Jewish population in Hungary predates the invasion and conquest of the country by the Huns, or Magyar tribes by as many as 600 years. With some Jewish settlers arriving in 295 ad.
This fact is rather mindboggling, considering that the first few arrived as war prisoners, or slaves, when they were brought in as trophies by the warriors sent to squash Bar Kochba’s revolt. Thus began the history of the largest community of Jews in Europe, with their almost schizophrenic roller coaster existence. The persistence the Jewish community exhibited, despite the changing rulers, some of which were Anti-Semitic and encouraged blood libels, is astounding. There were others who embraced the Jews as a valuable contributors to the country’s culture and economy.
Some of the rulers, such as Bela IV, put the Jews under Royal protection, an act confirmed by all medieval kings in the new Magyar state.
Hungary has become a sort of a safe haven for Jews and they migrated there from more hostile countries.
There’s an interesting epitaph to Jews in early 300 a.d. was found in Siklos (by Yugoslavia) refers to Jewishness (“Judaea”).
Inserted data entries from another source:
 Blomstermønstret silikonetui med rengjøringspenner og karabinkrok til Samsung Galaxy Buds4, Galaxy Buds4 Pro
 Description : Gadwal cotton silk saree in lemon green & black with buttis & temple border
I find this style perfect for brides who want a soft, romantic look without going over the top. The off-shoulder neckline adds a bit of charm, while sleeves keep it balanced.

The tablet was inscribed on behalf of the chief of the Spondilla customhouse, referring to the [head of the synagogue of the Jews]” during the reign of Alexander Severus.
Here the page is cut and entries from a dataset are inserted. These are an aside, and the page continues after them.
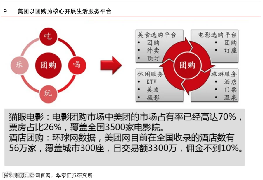 团购事实上是一个很明显的线上线下互相导流的一个市场:商家通过更优惠的价格吸引消费者,而网站也会主动吸引有消费倾向的人员流量。所以美团将自己在团购方面的优势转化为生活服务平台的土壤,可谓走得是直接又恰当。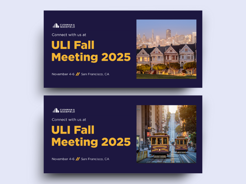 Event Banners for LinkedIn. In addition to promoting research and market insights, I regularly created LinkedIn event graphics for brokers to share ahead of conferences and industry gatherings. These assets needed to adhere closely to Cushman & Wakefield’s brand standards while clearly communicating key event details. Because brokers relied on these graphics to promote their participation, timely delivery was essential, and I ensured each design was produced and distributed quickly so they could share updates with their networks without delay.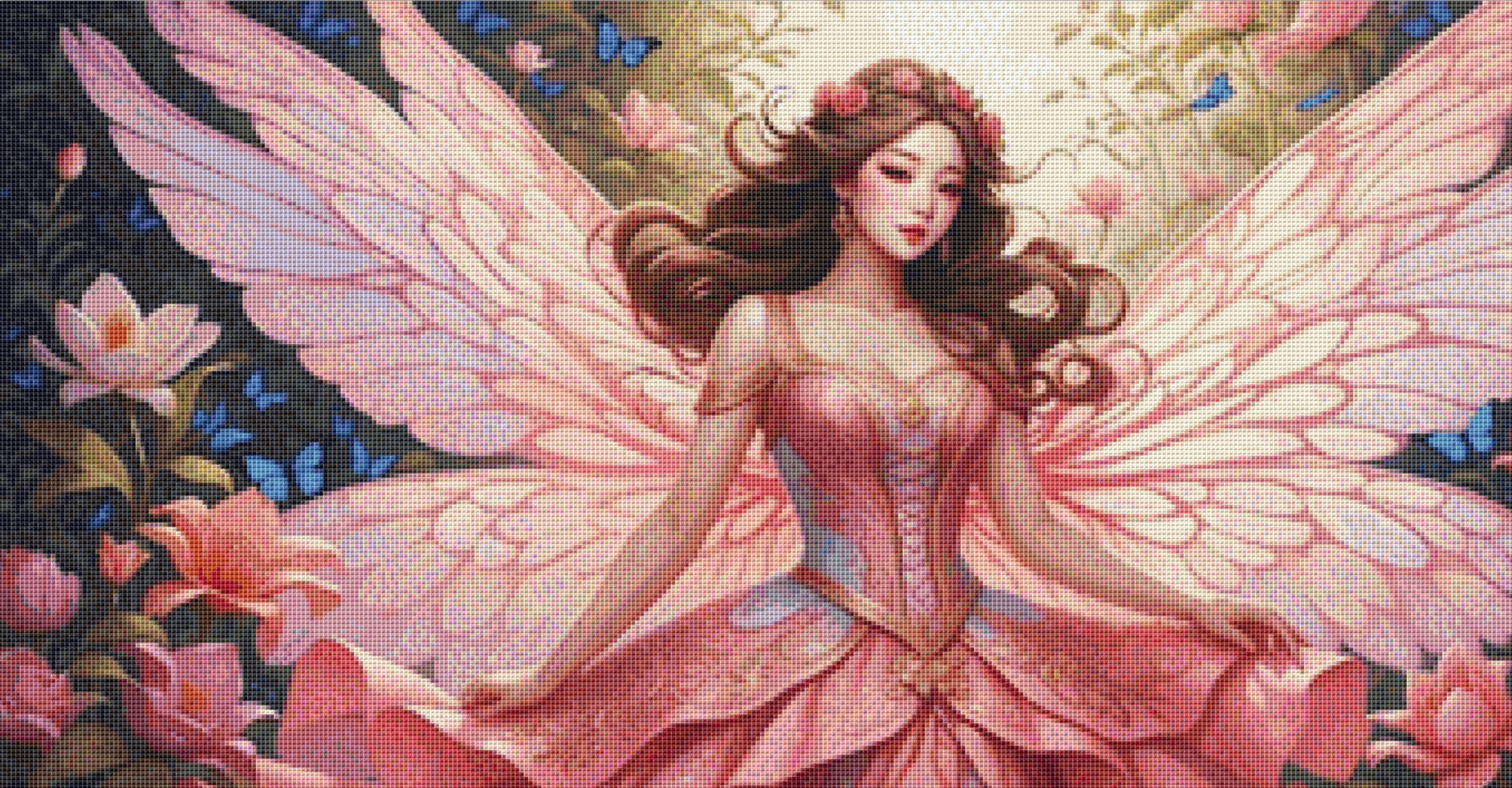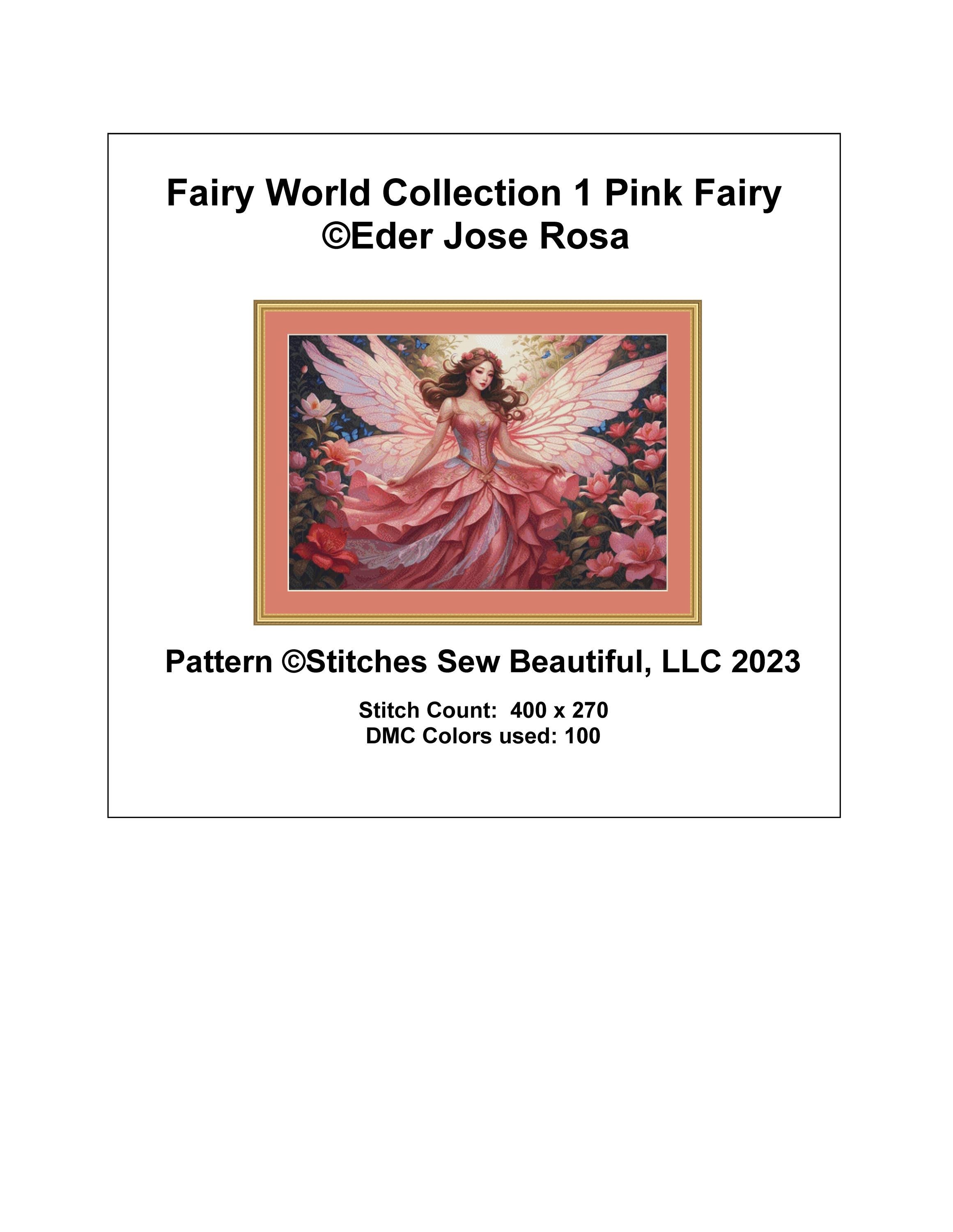 "Fairy World Collection No. 1 Pink Fairy" full coverage cross stitch pattern by Eder Jose Rosa.

In 2008, a team of archeologists discovered a 3rd-century AD amulet in the form of a gold scroll with the words of the Jewish prayer Shema’ Yisrael inscribed on it in Féltorony (now Halbturn), Burgenland in Austria.
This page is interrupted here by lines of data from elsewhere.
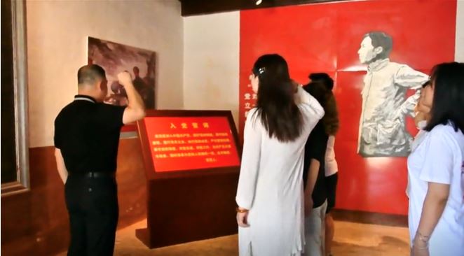 “我志愿加入中国共产党,拥护党的纲领,遵守党的章程,履行党员义务……” 在旧址正堂屋入党誓词前,谢虎军同志带领全体党员,庄严举起右手,在党旗下集体宣誓,共同重温入党誓词,用铮铮誓言来表达作为一名共产党员的责任与担当。90多年前,毛主席在叶家祠阁楼上秘密主持六名士兵的入党宣誓仪式,首开‘支部建在连上’的伟大实践,奠定了党对军队的绝对领导的实践基础和组织基础。今天,志愿者们重走革命圣地,在革命先辈们庄严宣誓处重温历史,重温入党誓词,鞭策自我牢记入党初心,以实际行动为党旗增光添彩。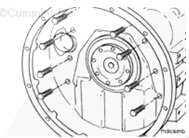 注: 安裝飛輪殼之前,應(yīng)確保所有定位銷位于拆卸飛輪殼時(shí)的相同位置。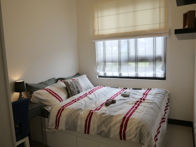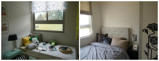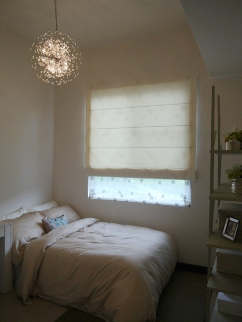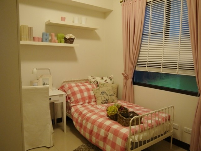 最小的一間房只能靠邊擺個單人床,但是頭頂上的樑柱小很多,有個床頭櫃就沒有風水問題了~~

The name Zsido, from the Slavic, was the name given to Jews in Hungary.
The first historical document relating to Hungarian Jews is the letter written about 960 A.D. to King Joseph of the Khazars by Hasdai ibn Shaprut, the Jewish statesman of Córdoba, in which he says that the Slavic ambassadors promised to deliver the message to the King of Slavonia, who would hand the same to Jews living in “the country of Hungarin”, who, in turn, would transmit it farther. About the same time Ibrahim ibn Jacob says that Jews went from Hungary to Prague for business purposes. Dr. Samuel Kohn suggests that Jewish Khazars may have been among the Hungarian troops that under Árpád conquered the country in the second half of the 9th century. Nothing is known concerning the Jews during the period of the Vajdas, except that they lived in the country and engaged in commerce there.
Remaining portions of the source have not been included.